We have pointed out in our letter that we don’t expect this to become a struggle of the Filipino minority public shareholders interest against the controlling Korean interest. We believe that the Management will act favorably on our demands, which as we’ve said, are also beneficial to the controlling interest.
Hence, we don’t believe that our campaign will become an “internal war” or a “brewing trouble.” The use of the words “war” and “trouble” might be extreme, Sir. Although it is yet to be seen, we are still positive that the Management and the controlling interest will protect the minority public shareholders from the mispricing in the market of their PSPC stockholdings.

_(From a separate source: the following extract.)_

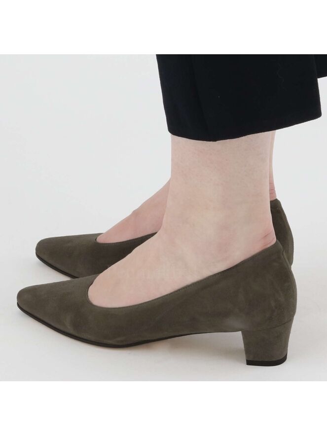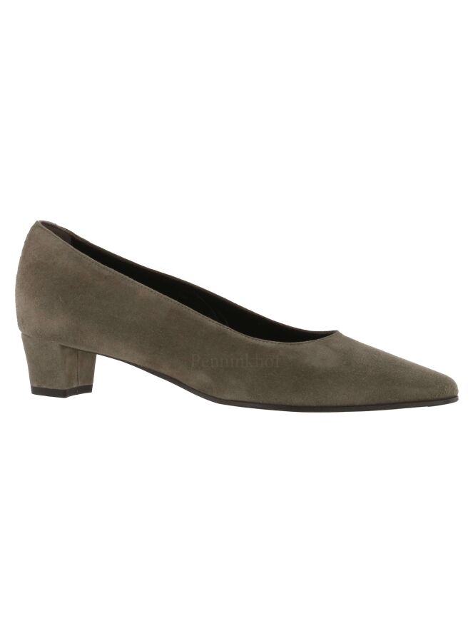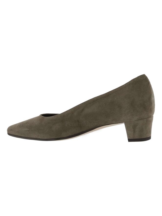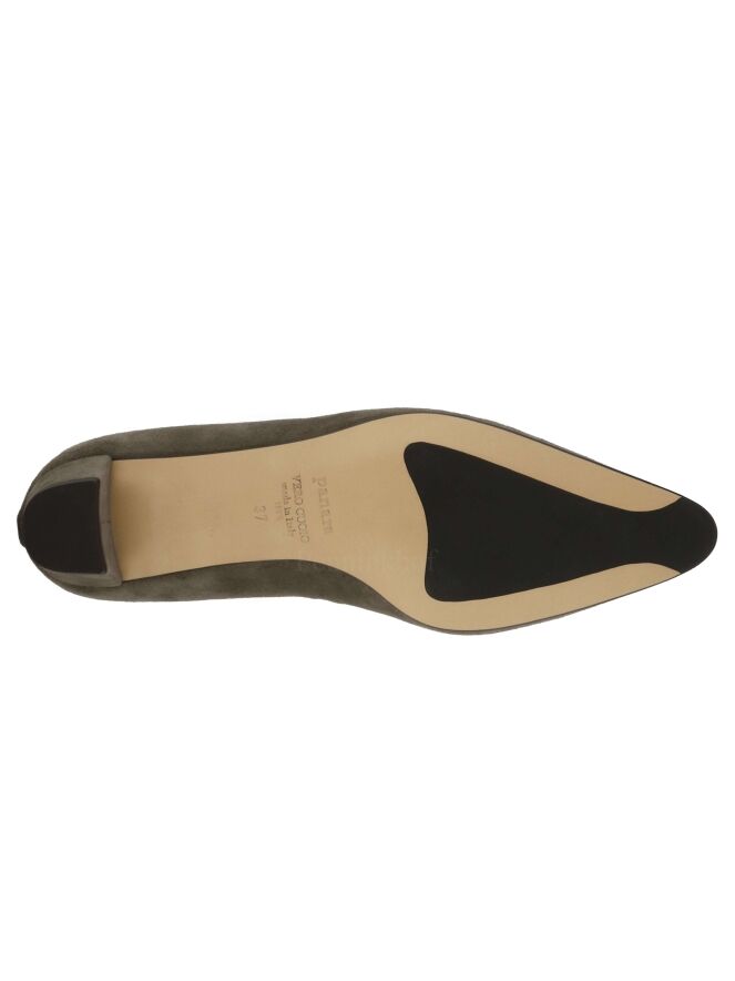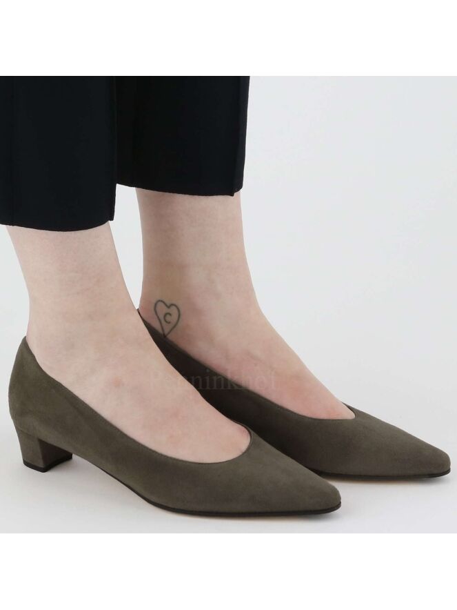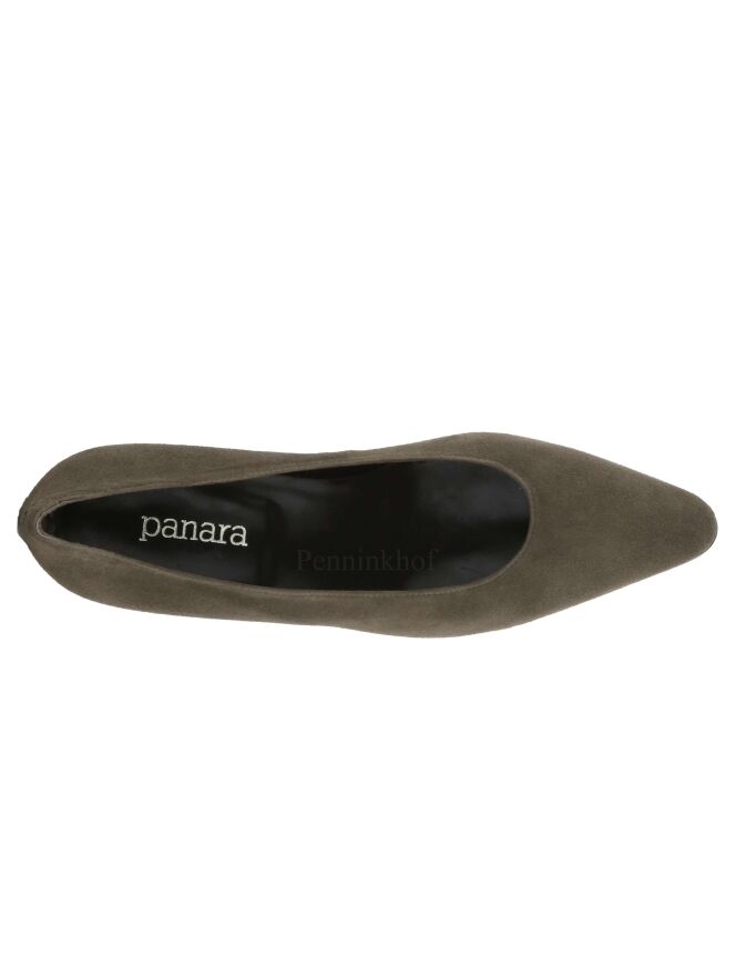 Escarpin de la marque Panara, de couleur taupe. L'escarpin a un nez pointu. Le talon bas et élégant est recouvert du même daim que l'escarpin. L'intérieur est doublé de cuir.
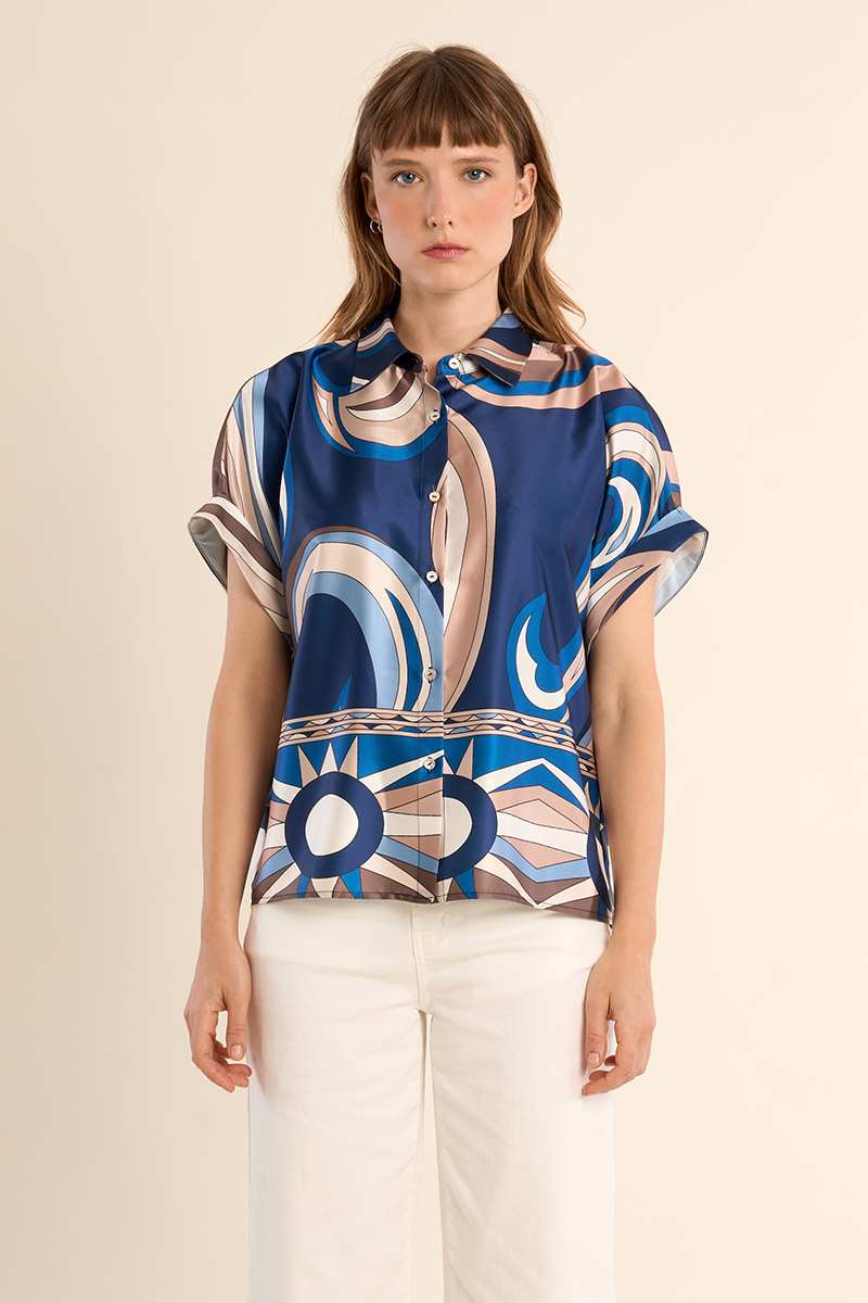 Βαμβακερό πουκάμισο με κεντητή διακόσμηση στα μανίκια

Due Diligencer: “a potential takeover by a Filipino group.”
My personal opinion on this Sir, which is also shared by some members of our Group, is that any takeover by any group will be very unlikely given that STS has a strong relationship with Samsung, PSPC’s major customer. In addition, PSPC research and development (R&D) is dependent on STS and this might cause operating difficulties for any new ownership.
And most importantly, we doubt that PSPC Management/STS will be willing to sell their shares at less than P3.76 apiece, which was the initial public offering price before it was lowered to the final IPO price of P3.15. They might have been willing to offer the 15-percent stake of the Company at P3.15 per share to the public previously, but we are fairly positive that if ever the controlling stockholders decide to sell, the offer value would be way above the P3.76 initial offer price.
As a matter of fact, we are actually demanding a buyback by the Management of the shares that are trading below the IPO price to take advantage of the discount offered by some stockholders. Hence, instead of the Management selling its holding interest at below the IPO price, we may expect soon the Management/STS to buy back its own shares at P3.15 apiece or below.
And lastly, we take this opportunity to enumerate our so-called PSPC activist shareholders’ demands as follows:
1. Establish a stock option/compensation program based on stock performance, to align the Management’s interest with the best interest of the public shareholders;
2. Approve a one-year buyback program for a maximum of 4 percent of the outstanding shares with a budget of about $6 million;
3. Increase dividend payout to 30 percent for this year;
4. Start studying legal options for the collection of the $23 million unfunded power subsidy;
5. Require Samsung to buy in when the contract with the company is renewed; and
6. Require the prospective partner in Phase II of the expansion to also buy in shares in the company.
And we would like to point out that our demands are reasonable, very justifiable and they make good business sense. Not only the public shareholders but also the Company will benefit from these demands for they are expected to:
1. Increase shareholder value;
2. Improve management focus and alignment with public shareholders’ interest; and
3. Increase transparency between Management and public shareholders.
On a personal note, I am happy to hear from Mr. Ablin and company and thank them for reading The Manila Times. Although I am ready to accommodate them, as well as other investors, on their analysis of certain stocks, I cannot promise to help them in any of their predicaments with regard to complaints that only concerned officials of the Securities and Exchange Commission and the Philippine Stock Exchange can possibly resolve. The best I can offer them is this space, through which they can air their grievances.